Я рассказал великому хану, не вдаваясь в ненужные детали, что на совести Ахмеда — напрасное жестокое убийство несравненной Мар-Джаны, супруги Али-Бабы. Я попросил для Али разрешение великого Хубилая присутствовать во время казни палача его жены и получил это разрешение. Ласкатель Пинг был ошеломлен и возмущен, но, разумеется, он не мог отменить распоряжение самого Хубилая, он даже не слишком громко сетовал, потому что сам принимал непосредственное участие в убийстве Мар-Джаны.
Таким образом, в указанный день я проводил Али в подземную пещеру, наказав ему быть мужественным и непреклонным, когда он будет наблюдать, как раздирают на куски нашего общего врага.
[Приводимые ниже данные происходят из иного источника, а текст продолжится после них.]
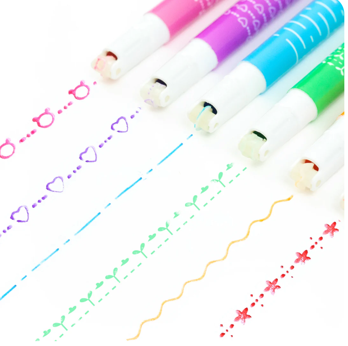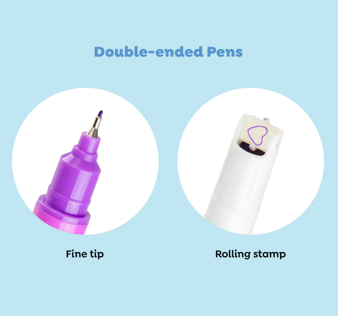 These super cool double-sided pens feature a fine tip on one side for detailed creations, and a unique, rolling stamp on the other side. Each of the six, vibrantly coloured pens has it's own unique pattern.

Али был бледным — его желудок не переносил резни, — но выглядел решительно, даже когда произнес напоследок «салям» и попрощался со мной так торжественно, словно сам собирался принять «смерть от тысячи». После этого они с мастером Пингом, который все еще ворчал по поводу столь нежелательного вторжения, прошли за обитую железом дверь, туда, где уже висел в ожидании палача Ахмед, и закрыли ее за собой. Я ушел, сожалея в то время лишь об одном: что араб, насколько я был наслышан, все еще пребывал в оцепенении и ничего не соображал. Если прав был Ахмед, сказавший однажды, что ад — это то, что больше всего ранит, тогда очень жаль, что араб не мог почувствовать боль так сильно как я этого желал ему.
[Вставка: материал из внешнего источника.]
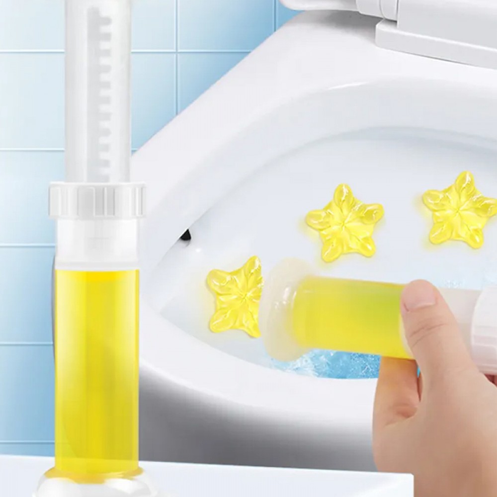 Чистота у ванній кімнаті, це насамперед чистота унітазу та свіжий та приємний аромат. Про чистоту унітазу вам допоможе подбати гелевий очищувач з дозатором. Він добре очищає та дезінфікує унітаз, попереджає утворення нальоту, іржі та пожовтіння. При кожному змиванні по всій кімнаті поширюється приємний та свіжий аромат. Також освіжувач для унітазу досить економічний. Шприц містить 12 аплікацій, яких вам вистачить на 12 тижнів, тобто 1 аплікація на тиждень. Достоїнства: Добре очищає і дезінфікує. >- Вистачає на велику кількість змивань.

Поскольку Ласкатель заявил, что эта ласка может продолжиться целых сто дней, все, естественно, ожидали, что так оно и случится. Поэтому незадолго до окончания этого срока служащие и помощники мастера Пинга возвратились, чтобы собраться во внешних покоях и дождаться триумфального появления своего господина. Когда прошло несколько дней, они начали беспокоиться, но побоялись войти внутрь. И лишь когда я послал свою служанку узнать что-нибудь об Али, только тогда один из старших служащих набрался храбрости и со скрипом отворил обитую железом дверь. Его встретило могильное зловоние, которое заставило беднягу в ужасе отпрянуть. Больше ничего во внутренней комнате не обнаружилось, никто не мог даже заглянуть внутрь без того, чтобы не упасть в обморок. Послали за придворным механиком и попросили его направить в подземные тоннели искусственный ветер. Когда покои немного проветрили, главный служащий Ласкателя зашел внутрь и тут же вышел, оглушенный, чтобы рассказать, что он там обнаружил.
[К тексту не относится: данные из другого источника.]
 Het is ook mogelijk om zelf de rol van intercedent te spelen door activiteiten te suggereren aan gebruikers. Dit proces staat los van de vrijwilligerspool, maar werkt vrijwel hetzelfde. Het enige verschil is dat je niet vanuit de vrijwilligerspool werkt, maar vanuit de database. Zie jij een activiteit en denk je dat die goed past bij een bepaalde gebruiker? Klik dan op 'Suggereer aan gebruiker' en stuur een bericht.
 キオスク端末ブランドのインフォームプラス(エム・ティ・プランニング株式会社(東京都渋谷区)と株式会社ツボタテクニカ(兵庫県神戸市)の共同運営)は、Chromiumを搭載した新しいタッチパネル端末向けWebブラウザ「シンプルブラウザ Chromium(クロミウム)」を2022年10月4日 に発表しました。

Там было три мертвых тела, вернее, не совсем так: от бывшего wali Ахмеда остался всего лишь кусок плоти: его подвергли по меньшей мере «девятьсотдевяностодевятикратной смерти». Как выяснилось, Али-Баба наблюдал за процессом этого полного распада, а затем схватил Ласкателя, связал его и подверг самого палача тому же наказанию, что и его жертву. Тем не менее главный служащий доложил, что это была, наверное, «смерть от ста», максимум — «от двухсот». Видимо, Али стало плохо — от миазмов разлагающегося Ахмеда и всего остального: спекшейся крови, кровавого зрелища, нечистот, — и он не смог довести месть до конца. Он предоставил лишенному некоторых частей тела мастеру Пингу висеть и медленно умирать, а сам взял один из больших ножей и заколол им себя.
Так закончил свой жизненный путь Али-Баба, Ноздря, Синдбад, Али-ад-Дин — тот, кого я презирал и высмеивал как труса и пустого хвастуна очень долгое время… В самый последний миг им двигал весьма возвышенный стимул — его любовь к Мар-Джане — совершить нечто в высшей степени смелое и достойное похвалы. Он отомстил обоим ее убийцам, подстрекателю и преступнику, а затем покончил с собой, чтобы никого другого (я имею в виду себя) не смогли обвинить в содеянном.
Население дворца, города Ханбалыка, а возможно, и всего Катая, если не всей Монгольской империи, шепталось и хихикало, обсуждая стремительное и скандальное падение Ахмеда. Новый скандал, трагедия, разыгравшаяся в подземелье, дали еще больше пищи слухам, заставив Хубилая снова смотреть на меня с мрачной злобой. Однако последняя сенсация оказалась столь ужасной и в то же время почти забавной, что даже великий хан был так ошеломлен и смущен, что не испытывал склонности кого-либо карать. А случилось вот что: когда помощники Ласкателя собрали воедино труп своего господина, чтобы похоронить его приличествующим образом, они обнаружили, что у этого человека были ступни в виде «кончиков лотоса»: их перевязывали с младенчества, деформировали и сгибали, чтобы придать им вид изящных кончиков, таких как у знатных ханьских женщин. Так что можете представить себе смятение, овладевшее всеми, включая Хубилая. «И кто теперь заплатит за этот возмутительный обман? — с любопытством, совсем сбитые с толку, спрашивали люди друг у друга. — И каким же, интересно, чудовищем была мать у мастера Пинга?»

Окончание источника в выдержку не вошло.